For a mathematician studying the properties of some algebraic structure, it is always delightful to discover that the algebraic structure is isomorphic to another one — having different viewing angles on a problem is a good thing, as some facts might be easier to notice and prove in one representation than another. For a computer scientist, an isomorphism may also provide a way to perform computations more efficiently: if two fields are isomorphic but operations are faster in one field than the other and we have to evaluate a formula in the second field, we can transform the elements to the first field, do the operations and then transform them back, getting the same result as if we had done the operations in the second field. So, from an algorithmic viewpoint, two isomorphic algebraic structures are basically two different ways to represent the same data in memory.
Now that we have intuitively understood what an isomorphism is, let us try to express this idea in a formal way. Let $\mathcal{F}$ and $\mathcal{G}$ be two rings. An isomorphism between $\mathcal{F}$ and $\mathcal{G}$, i. e. a relabeling function $\kappa:\mathcal{F}\to\mathcal{G}$, must associate each element of $\mathcal F$ with exactly one element of $\mathcal G$ and vice versa: in other words, $\kappa$ must be one-to-one (i. e., $\kappa(a) \neq \kappa(b)$ if $a \neq b$) and onto (i. e., for any $c\in\mathcal{G}$ there exists $a\in\mathcal{F}$ such that $\kappa(a) = c$). It is easy to see that a function $\kappa$ which is one-to-one and onto is an isomorphism if and only if it preserves the addition and multiplication operations, i. e. it satisfies \begin{align}\tag{#} &\begin{aligned} \kappa(a+b)&=\kappa(a)+\kappa(b),\\ \kappa(a\cdot b)&=\kappa(a)\cdot\kappa(b). \end{aligned} \end{align}
Some examples and non-examples of isomorphisms are given in the figure below.
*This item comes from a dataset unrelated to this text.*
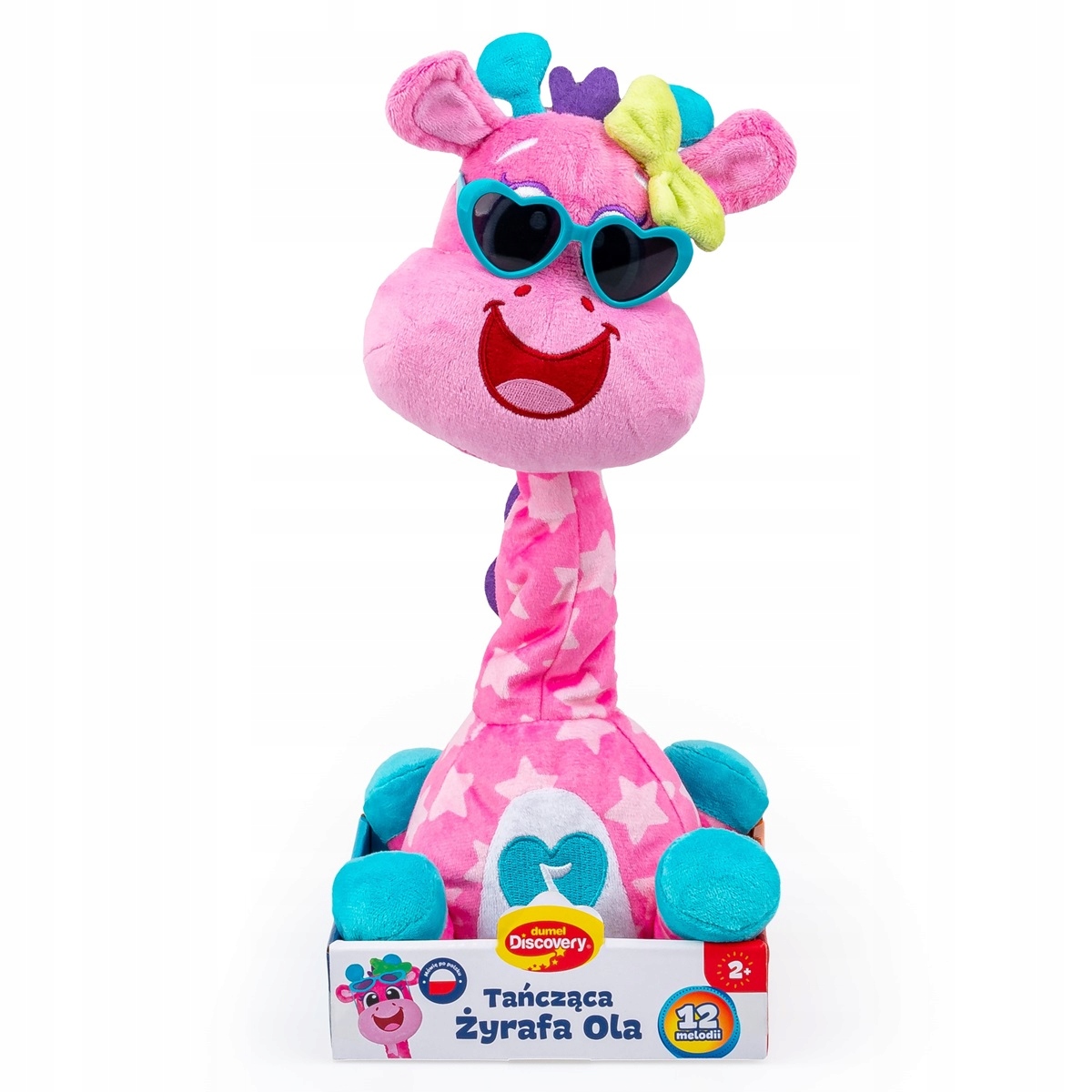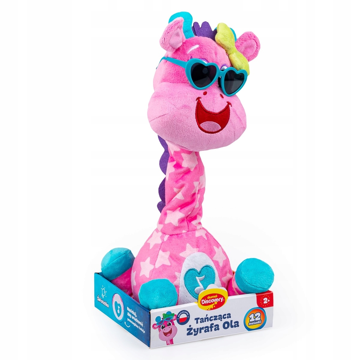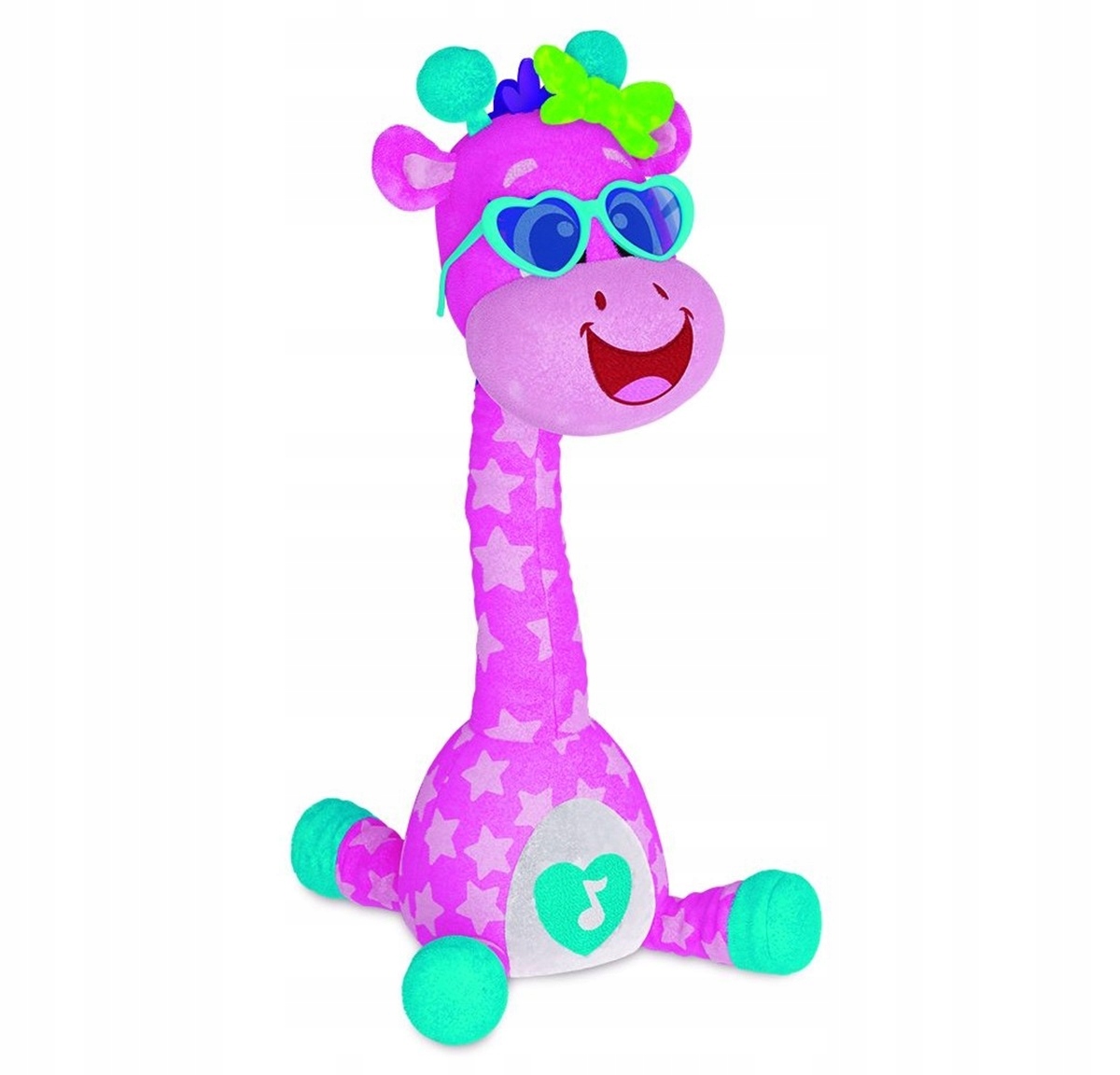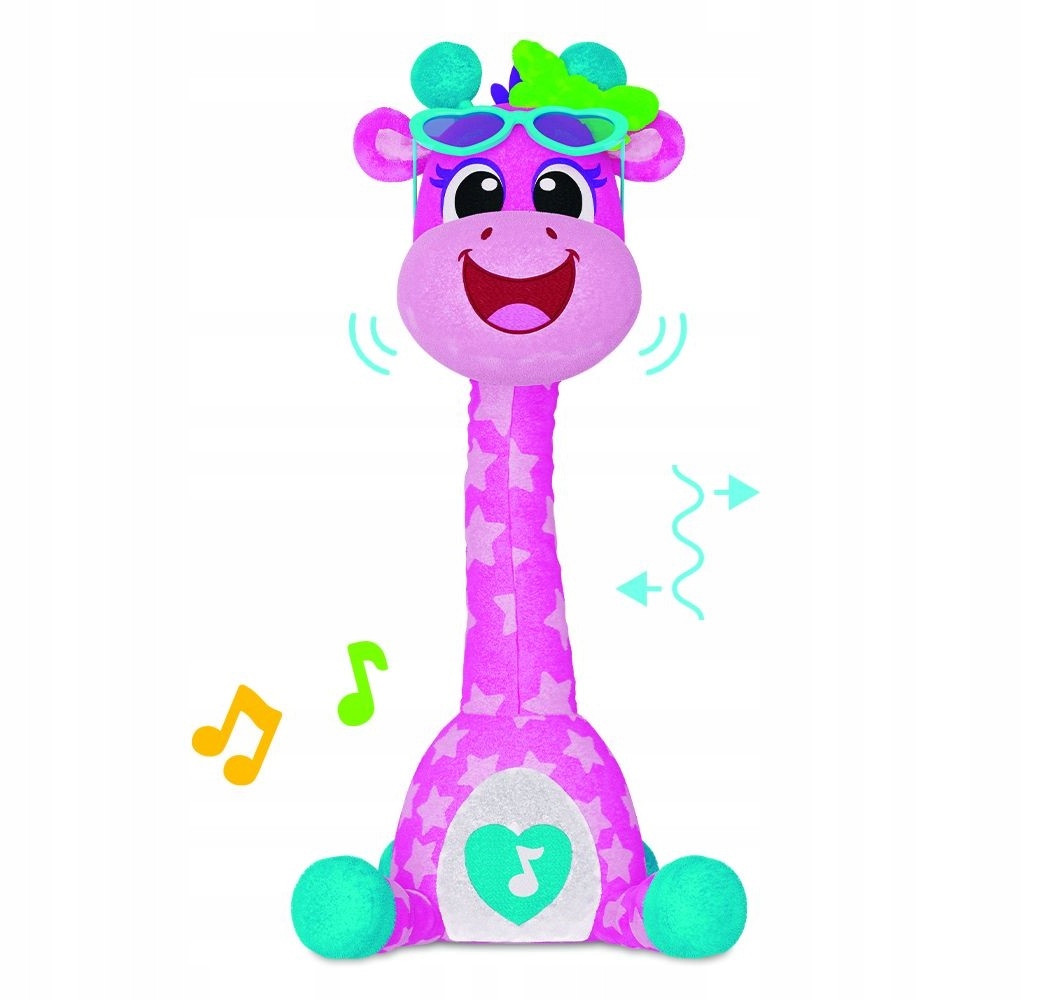 Ta energična žival pozna 12 različnih melodij, ob katerih izvaja zabaven ples in trese vrat v ritmu glasbe. Žirafa je opremljena s svetlečim gumbom v obliki zvezde, ki aktivira zvoke in ples, kar doda še več zabave.

Figure (isomorphims and non-isomorphisms). a) This is the isomorphism $f : S \to \mathbb Z_2$, $\mapsto 1$, $\mapsto 0$ considered in the example above. b) Let $\mathcal{B}_2$ be the four-elemnt field considered in lesson The general way of constructing finite fields. The map $0 \mapsto 00$, $1 \mapsto 01$ is not an isomorphism from $\mathbb Z_2$ to $\mathcal B_2$ because it is not onto. c) The map $0 \mapsto 0$, $1 \mapsto 1$, $2 \mapsto 0$, $3 \mapsto 1$ is not an isomorphism from the ring $\mathbb Z_4$ to $\mathbb Z_2$ because it is not one-to-one. d) The map $00 \mapsto 00$, $01 \mapsto 01$, $10 \mapsto 11$, $11 \mapsto 10$ turns out to be an isomorphism from $\mathcal B_2$ to $\mathcal B_2$. Such isomorphisms — isomorphisms of algebraic structure with itself — are called automorphisms. e) The map $g : 0 \mapsto 1, 1 \mapsto 0$ is a one-to-one map from $\mathbb Z_2$ to $\mathbb Z_2$ but it is not an isomorphism because it does not preserve multiplication: for example, $1 \cdot 0 = 0$ but $g(1) \cdot g(0) = 0 \cdot 1 = 0 \neq g(0)$.
Since the zero and the identity element of a field are uniquely determined by its addition and multiplication (by Lemma (uniqueness of zero and identity) in the first lesson), any isomorphism $\kappa$ also satisfies \begin{align}\tag{##} &\begin{aligned} \kappa(0)&=0,\\ \kappa(1)&=1. \end{aligned} \end{align} (Note that here the $0$ on the left hand side of the equality sign is not necessarily the same thing as the $0$ on the right hand side: the $0$ on the left denotes the zero of $\mathcal F$, and the $0$ on the right — the zero of $\mathcal G$; the same goes for the symbol $1$ in the second equality and also the symbols $+$ and $\cdot$ in the equalities (#).)
Sometimes it also turns out to be useful to talk about homomorphisms — functions which satisfies the equations (#) and (##), but are not necessarily one-to-one or onto. So the formal definition of isomorphism and homomorphism is as follows.
Let $\mathcal F$ and $\mathcal G$ be two rings.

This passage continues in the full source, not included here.